# Tricking plant idear will it work ???



## Kindbud (Apr 9, 2006)

I got a kinda stupid idear and was wondering if it would                            work??? Alright you know how when your grown a plant indoors 
you trick the plant and make them think that the days are getting 
shorter right or is that completly wrong?? so if you were growning 
outside could not you after they get big enough and put a bucket 
or some and make it dark so they think its dark Its just an idear!!!
I might try it think it would work ??? thanks for your advise


----------



## Stoney Bud (Apr 9, 2006)

Hey Kindbud, good in theory, difficult to accomplish in fact.

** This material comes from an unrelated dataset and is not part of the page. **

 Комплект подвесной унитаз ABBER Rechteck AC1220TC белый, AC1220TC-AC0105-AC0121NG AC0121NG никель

The plant would be roughly 2 feet by 2 feet by 3 feet or 4 tall.

To effectively cover a plant of that size and uncover it again each day would be a chore you might not want to have each and every day. Can't miss one, or be late or early. That's a lot of work outside of a lab.

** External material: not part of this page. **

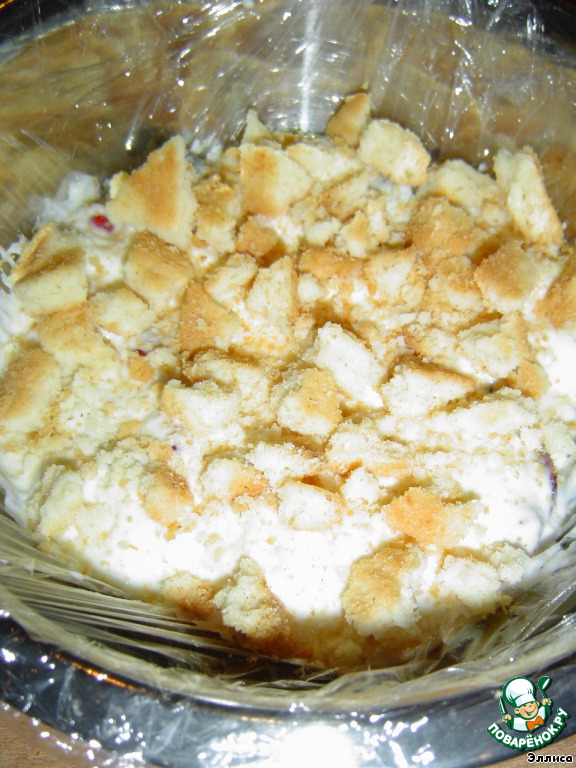 Затем тонкий слой творожно-сметанной массы, на него слой измельченного бисквитного печенья,

Good luck to you. Let us know if you try it.


----------



## Kindbud (Apr 9, 2006)

Yeah I have been thinkin about it to 
all i would need is to find a bucket which 
would be kinda hard!! but im still thinking 
about it lett you know if i deside to do it


----------



## BkPhate (Apr 9, 2006)

garbage can, if you worried about an eyesore throw a camo tarp over it.


----------



## halftoke (Apr 9, 2006)

If you willing to put the labor into it, try a frame off 1x1's covered with black plastic (7 mil or better). Gotta leave a gap at the bottom for ventilation. I've never tried it myself, but the idea sounds good.


----------



## mulletmadness66 (Apr 10, 2006)

I did some reading on the matter and I found that it may be possible to do it. Like they were saying, it is laborus because you would have to put it in early everday at the same time. A theory of mine is, if your plant is in a pot, bring it into a dark place a little early each day and bring it out when it's dark outside that way don't have to get up in the morning to bring it out. I read it may take 2 weeks to see any results. Good luck if you decide to try it.


----------



## Mutt (Apr 10, 2006)

Just want to throw this in. Lets say its a guerrilla grow (stealth grow). would it not be wierd to see a huge black tarp or a bucket over another 5 gallon bucket out in the middle of no where?? I mean I would want to check it out. Also being seen at that site every day for 2 months sooner or later might stumble into somebody you don't want to. LEO would leave that alone and wait for someone to come and check up on the grow.


----------